Posts Tagged ‘magic’

I can still see magic.

January 26, 2012

I had an appointment with my eye specialist yesterday, to see how things were going (progressing, deteriorating) with my Retinitis Pigmentosa. After 34 years of these types of appointments, I confess I went into it a little annoyed.

Annoyed at having RP. Annoyed that I have to take three hours of my day to sit in a doctor’s office. Annoyed that I have to have my eyes dilated. Annoyed that I have to sit through another Visual Field exam. Annoyed that after I told my doctor that I *have* noticed a difference in the narrowing of my peripheral vision, he responded with, “I supposed you *could* have noticed a difference, but I don’t see much of a change on your visual field results.” Ugh. Not *could*, doctor. *DO* – I *do* notice a difference.

Annoyed that my yearly Visual Field results are usually met with the same reaction – “Not much of a change.” Really? Not much of a change? Then how did I go from daylight driving 10 years ago to using a cane now? How did I go from trick-or-treating as a kid to dreading any dimly lit settings now?

They – the people in charge – only seem interested in the year-to-year charted differences on paper. While I, the 38-year old living, breathing woman, am only interested in how this is impacting my life. There’s a bit of a discord there, and it leaves me feeling a little… annoyed.

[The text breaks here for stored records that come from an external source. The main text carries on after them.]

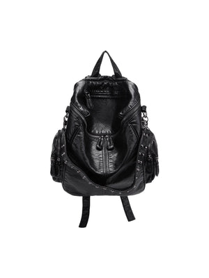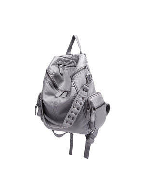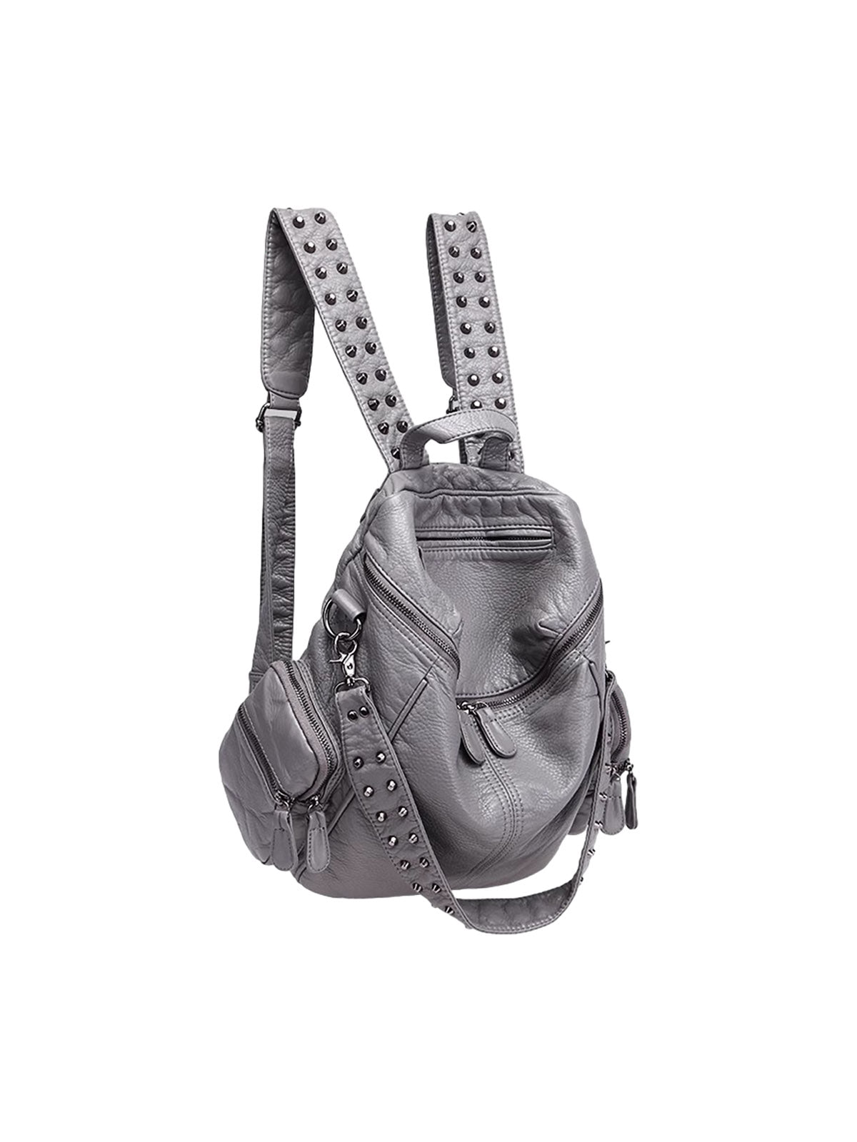 • Design Elements: Quilted Texture, Studs on Side Pockets, Multiple Zippered Compartments
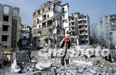 三峽導(dǎo)流明渠截流在即,重慶奉節(jié)舊縣城四十多棟高樓,在陣陣炮聲中夷為平地,僅一個秋季就拆除清理了一百一十八萬平方米的舊樓盤。作者:李中全
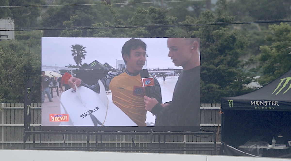 さらに、コンテストDAY1のLady Birdsのヒートが間も無く終わる頃に、McFlyの波でバックサイド・スティールフィッシュ・フルローテーションエアをメイクした映像がインスタグラム上で話題となっていた弱冠12歳の伊波洋介がサプライズなタイミングで急遽招待選手としてコールされて出場決定となった!
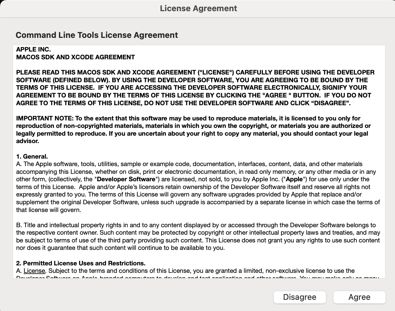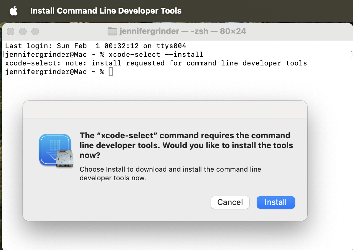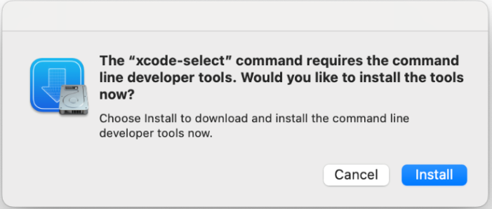 You will then have the pop-up asking whether you want to install the command line tools (which contain Git). Select Install.
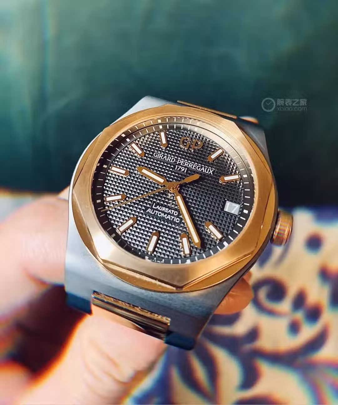 這就把話題回歸到了開頭:不是間金表不好,而是要看間金表設計的好不好?!以這枚桂冠為例,之所以選擇它就勝在三個字——層次感!金色的刻度指針,深灰色的巴黎釘紋盤面,金色的八角表圈底盤,鈦灰色的表殼表耳,最後在一體表耳錶帶處又用了金色連接,整體顏色搭配與材質應用既層次分明又富於變化,個人認為間金款的顏值反而更加出挑。

In the end, I do realize that it’s not the doctor’s fault that I’m annoyed. He’s just doing his job, and he’s actually a nice guy who will show you a magic trick if you ask (even if you are 38-years old). Everyone who works in that office is wonderful too, which I why I don’t mind going, because it’s actually kind of fun seeing all of them personally and saying hello. But I’m not there for a social visit.

And, in the end, I realize the “annoyance” I feel is a choice. I can choose to be annoyed by this, and many other unpleasant things in my life, but what’s the point? It usually takes me a day or two after the appointment to get over the negative feelings, but then I remember all of the blessings that have come from my vision loss. And that is what keeps me going, praise God.

Retinitis Pigmentosa sucks. It really sucks. There are some days where you just have to allow yourself to acknowledge that, and maybe even wallow in it for a day or two. But then you have a choice. Do you choose to continue to wallow? Or do you pick yourself up, dust yourself off, and remember how incredibly lucky you are that you can still see the magic tricks that come your way?